Some people write simply for the enjoyment of writing.  They're not looking to make a career out of it, they have no interest in selling what they write, they might not even show their work to anyone else.  For those people -- whom, it must be noted, I do not intend to disparage in any way; writing is a noble pursuit regardless of the context -- spending time writing is the goal in itself.  But it's not a goal in itself to the rest of us; we need tangible results.  A screenplay (or a book, or an essay) is counted in pages, not hours.  And not just pages -- good pages.  

Just spending the time does not guarantee that you will generate pages, and if you do, it definitely doesn't guarantee that they'll be good.

And -- I know, sometimes you need to crank out pages even if they're bad... to get to the next scene, to establish a placeholder for something better, etc.  But I really try to minimize this sort of thing.  Bad writing usually takes just as much time and mental energy as good writing, and I don't like spending hours upon hours feverishly sputtering out words and thoughts that are beneath my talent.  I don't know about you, but if you ask me what keeps me motivated as a writer (obviously not the money, at least not yet), my answer would be: producing good material.  When I read my own work and it really engages me, when I can visualize the movie the pages are describing and it's one that I'd want to see, then I'm spurred on to keep writing.  When I read my own work and it's bad, I don't feel the same push.  More likely, I'll have a bad case of writer's block the next time I sit down.  That, right there, is how writing can actually be counterproductive.  Bad pages plus being bummed out plus writer's block?  Not progress, to me.

So I try to minimize the bad writing and maximize the good.  (Yes, I am totally the first person to figure out such a scheme.)  I don't do this by keeping to a writing schedule.  Instead, I focus on results.  Ten pages a week, to me, is pretty good.  It's not going to set any land speed records, but that's still a pretty good complete script in a little over two months.  And when I write those ten pages is up to me.  Maybe I write 3-4 pages on three different days, maybe all ten in one marathon Sunday afternoon.  I just know I'm going to get them done.  Also, importantly, I really try to have a plan.  

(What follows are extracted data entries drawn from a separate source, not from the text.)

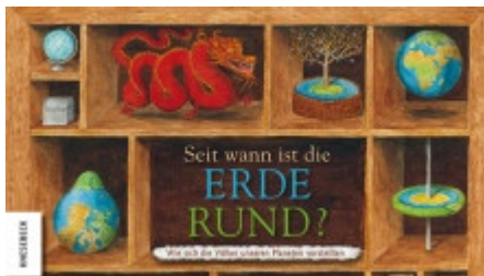
Guillaume Duprat: "Seit wann ist die Erde rund?", Knesebeck, 2009

Heute weiß jedes Kind, dass die Erde rund ist. Aber wie haben sich früher die Menschen unseren Planeten vorgestellt? Die Eskimos dachten, die Erde ist eine Insel aus Eis, die auf dem Meer schwimmt. Für die Azteken war sie ein riesiges Kreuz. Die Chinesen wiederum glaubten, in einer Welt zu leben, die die Form einer umgedrehten Teeschale hat. Die Menschen in Griechenland waren vor 1500 Jahren davon überzeugt, dass wir in einer Truhe leben, von deren Deckel die Sterne wie Lampen herabhängen.
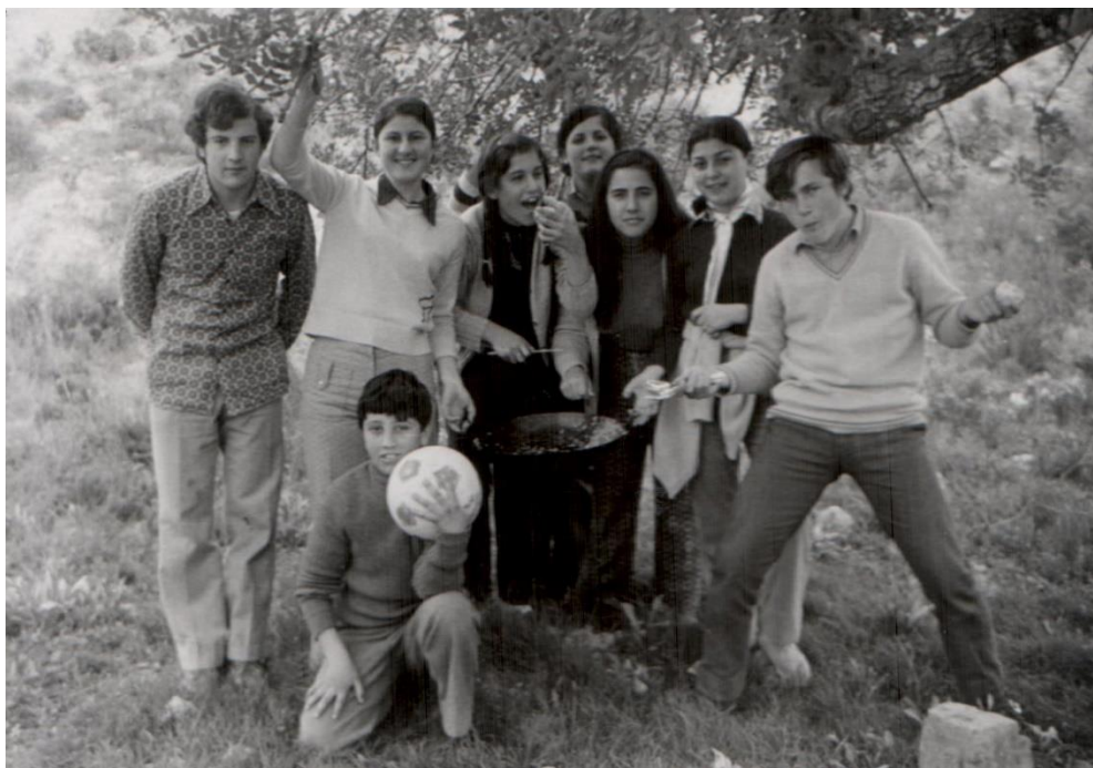
De gira en las Casas Altas, año 1970

Además de servir de cierre al ciclo navideño, se trata ciertamente de dos fechas clave en el calendario murciano más ancestral: una vinculada a la vida ganadera y pastoril, con la que precisamente Sangonera tiene fuertes y antiguos lazos (de entrada, como pueblo emplazado al paso de una vía pecuaria); y otra relacionada con la cristiana costumbre de presentar los niños a la Virgen. No eran desde luego celebraciones tan masivas como las de la Reina de los Ángeles, a las que sí acudían todos los sangonereños en pleno, pero estas del monte resultaban muy alegres y populares para quienes las disfrutaban. La gente se llevaba todo lo necesario para comer allí y algunos recuerdan que, los que tenían moto, acarreaban las capazas y aperos más pesados por el camino que conducía hasta el paraje, mientras que los demás subían andando directamente por el cauce de la rambla del Pocico. Se solían hacer migas o arroz y, si alguna vez se les olvidaba llevar cucharas, utilizaban cascos de cebolla para llevarse la comida de la sartén a la boca. Lo importante era la convivencia y pasarlo bien.
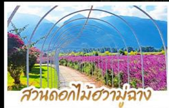
สวนดอกไม้ฮวาปูฉาง
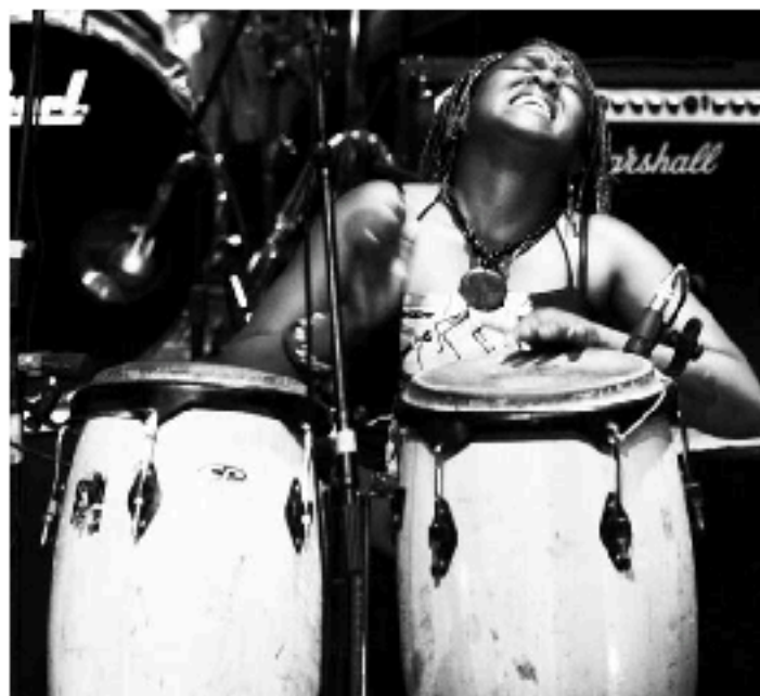
El Club Shanga, de Zimbabue, estarà de gira a Catalunya del 15 al 30 de maig del 2011.

Fer brillar el talent musical dels joves i escriure entre tots arpegis de solidaritat per un present i un futur ben afinats: si voleu participar a la iniciativa i conèixer l'immens talent dels joves implicats en el projecte, adreceu-vos a Music Crossroads International. Amb música com aquesta, el món de ben segur hauria de sonar millor.
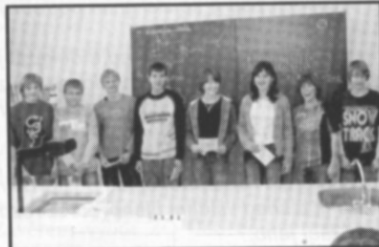
☐ Nejšikovnější poutníci webu.

Ve čtvrtek 8. března odpoledne proběhla na naší škole netradiční soutěž - "Nejšikovnější poutník webu", která měla ukázat, že internet je dnes již úplně běžnou součástí našeho života. Jednalo se o první pokus, jak si změřit své dovednosti ve vyhledávání informací s využitím internetu. Soutěžního klání se zúčastnilo čtrnáct dvojic žáků druhého stupně, které v omezeném časovém limitu hledaly odpovědi na zadané otázky z nejrůznějších oblastí.
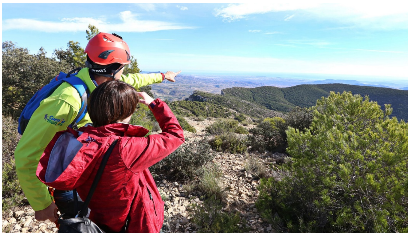
La ruta recorrerá los principales parajes de Petrer.

El ultra maratón ElCid Falcoxtrem, que organiza el Centro Excursionista de Petrer en colaboración con el Ayuntamiento, la Diputación de Alicante y empresas y entidades deportivas de montañismo, se celebrará mañana 25 de enero y transitará por un trazado de 70 kilómetros y 3.300 metros de desnivel, por parajes de tres términos municipales: Petrer y Castalla en su mayoría y Tibi (1% de la misma), con el reto de completar la prueba en un máximo de 20 horas.
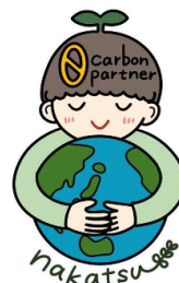
中津市ゼロカーボン推進パートナー ロゴマーク

中津市では2050年までに二酸化炭素排出を実質ゼロにする「ゼロカーボンシティ」の実現に向けて、一緒に取り組んでいただける市内の事業者及び団体をパートナーとして認定する「中津市ゼロカーボン推進パートナー制度」を開始しました。
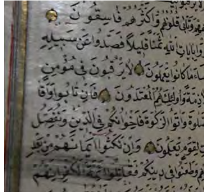
Resim 6e: 6 numaralı yazma da ayet ve
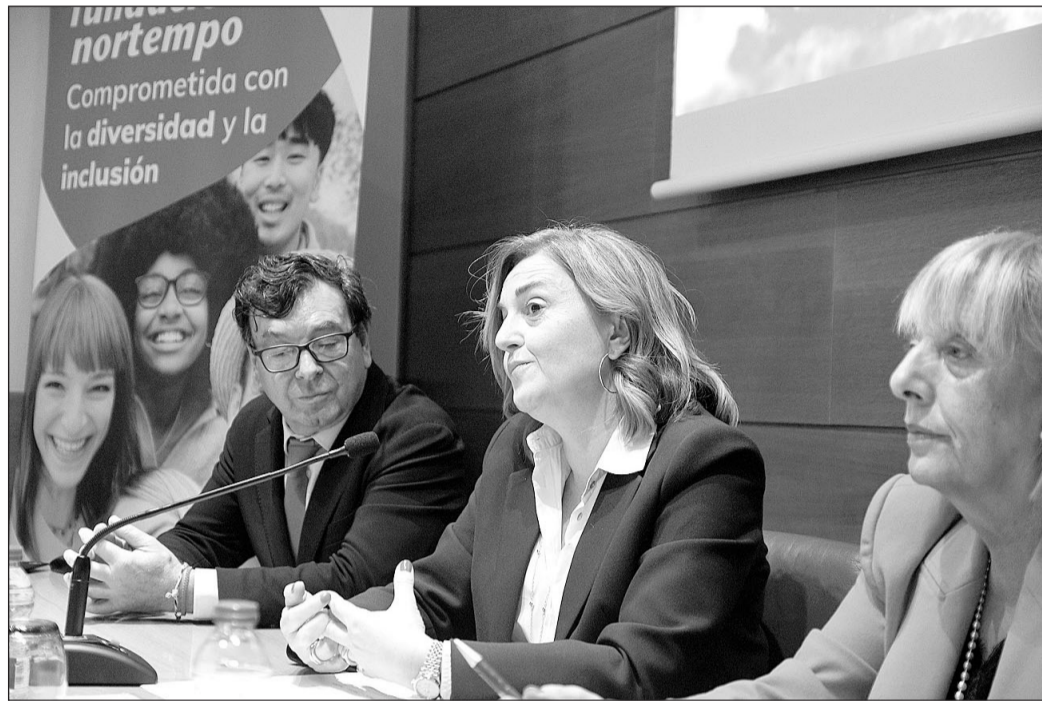
La conselleira Elena Rivo, durante la presentación del programa, en Ourense.

En concreto, el programa incluye acciones formativas para la adquisición de capacidades relacionadas con el puesto que se va a ocupar, a lo que se incorporarán con un contrato indefinido. También se sufragarán los gastos de traslado y se concede una ayuda de 1.300 euros para el inicio de la vida en nuestra comuni-
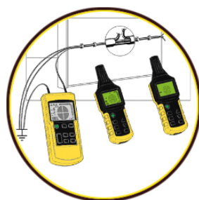
Localización de las interrupciones de líneas
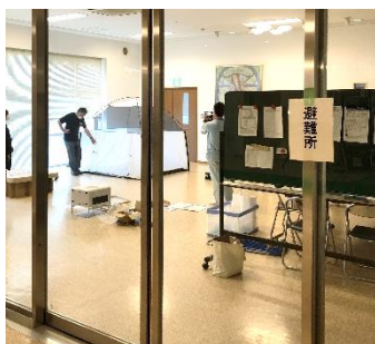
段ボールベッドの体験や組み立て方法を確認しました。

今後も地域住民や美浜町、グループ職員が一緒になって、防災・減災意識の向上や災害連携の強化に努めていきたいと思えます。

Having some idea of what you're going to write when you sit down, can be helpful.  And I really do mean some idea.  Not necessarily the complete idea, but enough to go on.  Like, "this week I need to write the scene where Bob escapes the dude with the shotgun."  I don't necessarily know how he escapes him, but I'm confident that I can figure that out once I sit down.  I don't need to plan out every single beat of the escape, and even if I did, I'd probably change it once I sat down to write it.  But I do need that much.  "This week I need to write the scene where Bob does something heroic" isn't enough.  If that's all I have, then I know I'm going to be blocked when I write it.  My mind will go in a thousand directions and I'll just end up writing the first thing that comes to my mind, which will probably suck.  So, yes, having a plan is important.  And the great thing about planning is that I can do a lot of it when I'm not even at the computer.  Driving, working out, eating lunch, pretending to listen to someone... all great venues for planning.  

So that's what works for me right now.  Have a plan, write good pages, feel good about them, write more good pages.  I may one day repudiate everything I've just written, and that day may be next Wednesday, but until then I'm happy with it.